No século XVI, São Filipe Néri – verdadeiro apóstolo na Roma neopaganizada da Renascença – reuniu em torno de si numerosos discípulos com os quais organizou uma família religiosa, e pediu ao Papa Gregório XIII que esta não fosse obrigada a assumir nenhuma das formas jurídicas anteriormente estabelecidas, mas pudesse constituir uma instituição diferente.

Assim surgiu a Congregação do Oratório, na qual os membros “não deviam estar vinculados por votos ou promessas, mas o único liame deveria ser o amor”.3

O desafio era grande, pois uma instituição canônica desse tipo não entrava na concepção de muitos juristas renascentistas influenciados por um Direito Romano mal-entendido. 

Entretanto, em 1575 Gregório XIII, pela bula Copiosus in misericordia, erigiu e aprovou a “Congregação de presbíteros e clérigos denominada do Oratório” fundada pelo “nosso amado filho Filipe Néri”.

O mais curioso é que esta ereção não incluía nenhuma aprovação de estatutos, uma vez que “o único vínculo deveria ser o amor”.

Nasceu assim na Igreja uma forma de instituição jurídica que tomou diversos nomes ao longo dos séculos, sendo atualmente denominada “Sociedade de Vida Apostólica”.4 

quarenta anos depois da aprovação pontifícia, os filhos do Santo florentino conseguiram, ajudados por canonistas e estudiosos, redigir as primitivas Regras do “Oratório”, aprovadas pelo Papa Paulo V.5

Evolução através dos séculos

No decorrer dos séculos, muitos fundadores de famílias religiosas sentiram-se chamados pelo Espírito Santo a enquadrar seu respectivo instituto em alguma das formas jurídicas existentes – ordens contemplativas, ordens mendicantes, congregações dedicadas ao ensino, ao atendimento dos enfermos, etc.

Enquanto outros, como São Francisco de Assis ou São Filipe Néri, igualmente inspirados pela Divina Providência, consideraram que deviam inovar nas formas; e tanto uns quanto outros receberam a aprovação da Igreja de Jesus Cristo.

Esta aprovação do Papa era dada, durante séculos, por meio de uma Bula pontifícia.

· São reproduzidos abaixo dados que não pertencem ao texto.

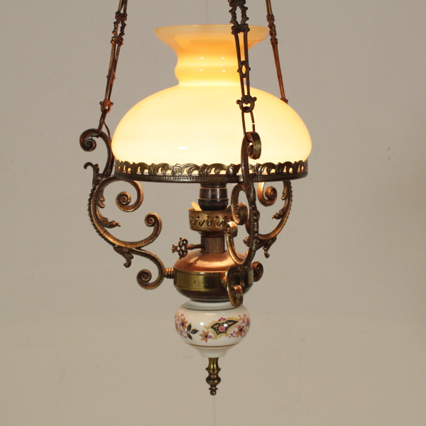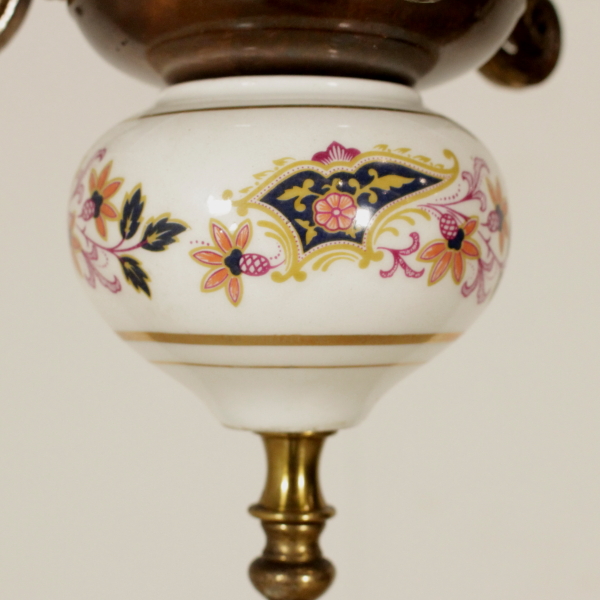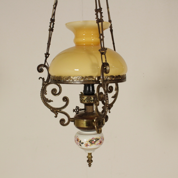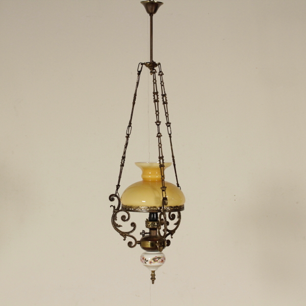 Chandelier decorated. Three scrolls in brass and the lampshade in colored glass. Ceramic ball golden.

Mas, o crescimento da Igreja ao longo dos séculos impôs a criação de organismos que aliviassem o pesado fardo do sucessor de Pedro: são os Dicastérios Romanos, instituições que auxiliam o Papa nas diversas tarefas da Igreja.

Hoje a decisão de aprovar uma nova família religiosa continua sendo responsabilidade do Papa.

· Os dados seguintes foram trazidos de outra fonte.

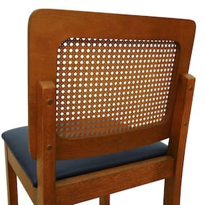 - Materiais: Estrutura em madeira de eucalipto maciço, com assento estofado, espuma D26 e tecido, encosto anatômico com telinha sextavada aplicada

Mas cabe ao Cardeal-Prefeito da Congregação para os Institutos de Vida Consagrada e as Sociedades de Vida Apostólica erigir ou aprovar, mediante Decreto, o novo grupo de consagrados que o Espírito Santo suscitou na sua Igreja. 

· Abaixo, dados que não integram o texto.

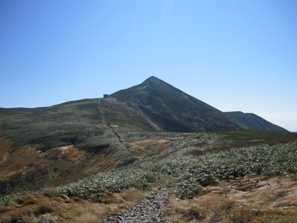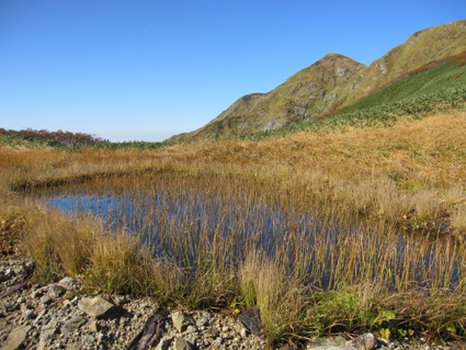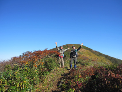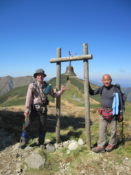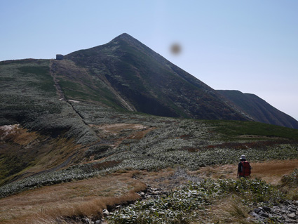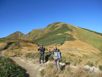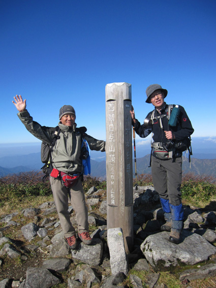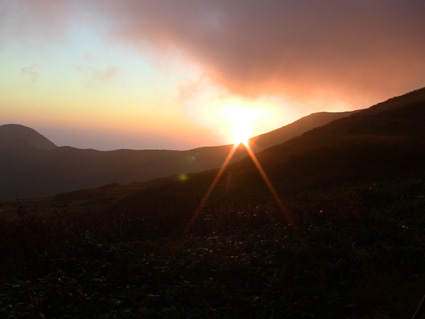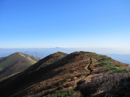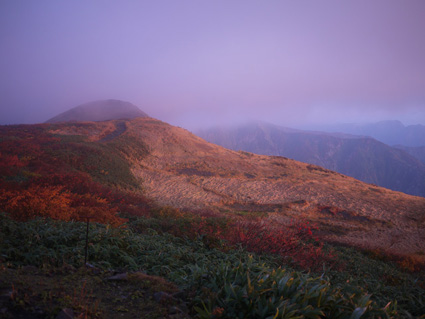 ![]() 西朝日岳稜線から大朝日岳の尖りを望む! 9日は竜門小屋から〜西朝日岳〜中岳〜大朝日岳をピストンでした 昨日と違いザックには行動食と泡が入ってるだけの軽装にて稜線を歩く 山を染める日の出を拝み小屋を出たのはAM6:45分・・・ 快晴無風の登山日和を絵に描いた様な天候です 360度の展望の中に頭を白く変えた尖りは鳥海山で隣に月山が雲の上に出てる 背中には以東岳が陣取り右手に飯豊連邦が輪郭を現してた 左手に見える小朝日岳の断崖は鏤められた宝石のように錦色の光を放す 道中は小刻みに泡タイムを楽しみ大朝日岳にAM11:00到着・・・ 南に見える祝瓶山を眺めて長い休憩をとり至福の時を過ごしました ☆ ☆ 抜ける様な青い空の下で時を過ごす ☆ ☆ 小屋にはPM2:15分に戻り 二日目の宴会突入です 小屋の中はチョー満席状態で一階の宴席は山家さんでいっぱいだ 私達は二階に陣取り隣のグループ(新潟から来た人)と和気藹々に過ごしました ![]() 竜門小屋から日の出の風景 稜線から顔を出した太陽 日の出と共に小屋から出て赤く染まる稜線を捉える 皆さんカメラを構えて真剣なまなざしです ![]() 赤く染まる南寒江山 早朝の西朝日岳 真っ赤に染まる山肌も時間と共に色彩が変わる ![]() 竜門山を出発 降り注ぐ日射し 真っ青な抜けるような天を仰ぎ稜線を進む 其処は正に雲上の楽園で何処を見ても山々山・・・と続く 此程までに奥深い山は東北に来なければ味わうことが出来ない風景だ アルプスの雄々しい切り立った山も魅力だが・・・ 何処まで 行っても 見ても 流れるような曲線が見れるのは懐の深い山に来なければ味わうことが出来ない ![]() 稜線に描かれた道(奥中央に月山) 大朝日岳の尖りが見えた 遠望を眺めると雲間に見える白い尖りは鳥海山、その左手に雲の上に頭を出してるのは月山だ 西朝日岳まで来ると中岳の奥に大朝日岳のピークが独特の形で現れた ![]() 西朝日岳 (Gonちゃん〜一匹さん〜Sei) 西朝日岳でチョイ休み この辺りから気温が上がり始めて上着を脱ぎ捨てる(捨てないで持ってきた)・・・(笑) ![]() 草紅葉に染められた山肌 無木立地帯は草紅葉が盛りです 真っ青な空に浮かんだ山々の輪郭は絵を見てる様な錯覚にしたる事ができた ![]() 中岳のコルで一休み (一匹さん〜Sei) 道中は小刻みに泡タイムを取り入れ のんびりと絶景を堪能します 足取りも軽く ザックも軽く 口も軽くなり行き交う山家さんと立ち話をする姿多し・・・ ![]() 袖朝日岳方面 不思議な煙が出る苔 岩峰波打つ勇壮見て 「こりゃ〜 来た者だけにしか わからんばい」と!」 自慢げに話が飛びだした。 ![]() 霜柱の葉 ナナカマド ![]() 大朝日岳&避難小屋 間もなく尖りへ 中岳を下ると大朝日岳も目の前です 小屋の形もドンドン大きくなり気持ちは駆け出しそうだ ![]() 金玉水 コルに在る名水「金玉水」に寄り柔らかい舌触りを楽しみました ![]() 大朝日岳山頂 (一匹さん〜Sei〜Gonちゃん) 3年ぶりに訪れた大朝日岳 (前回は残雪残る6月15日)山頂で歓喜のバンザイです ![]() 新雪が残る山肌 山頂より平岩山方面 山頂から望む風景は何時間でも眺めてる事が出来た ![]() 大朝日小屋の前で! (一匹さん〜Sei) 小朝日岳 (色つき始めた尖り) 山頂滞在40分 そろそろ帰るんべか〜と下山、小屋の前にある鐘を記念に写真を撮りました。 ※ 最終日は感激の下山をUPいたします 動画をお楽しみ下さいね! 戻る |

Até 31 de dezembro de 2008, havia 44 Sociedades de Vida Apostólica aprovadas: 32 masculinas e 12 femininas. Uma das primeiras, e a mais numerosa, é a dos Padres Lazaristas, fundada por São Vicente de Paulo, hoje com quase 4 mil membros.

Entre as Sociedades femininas, destaca-se a das Filhas da Caridade, fundada por São Vicente de Paulo e Santa Luísa de Marillac: conta atualmente com 20 mil irmãs consagradas ao serviço dos necessitados.

Desde o último mês de abril, as Sociedades Virgo Flos Carmeli (clerical) e Regina Virginum (feminina), nascidas no seio dos Arautos do Evangelho, fazem parte dessa família de instituições.

 


1 Discurso aos membros da família franciscana, 18/04/2009.
2 Idem, ibidem.
3 SCHWAIGER G., La Vita Religiosa dalle origini ai nostri giorni. Milano: 1997, p.335.
4 Cf. Código de Direito Canônico, can. 731-746.
5 Christifidelium quorumlibet, 24/02/1612.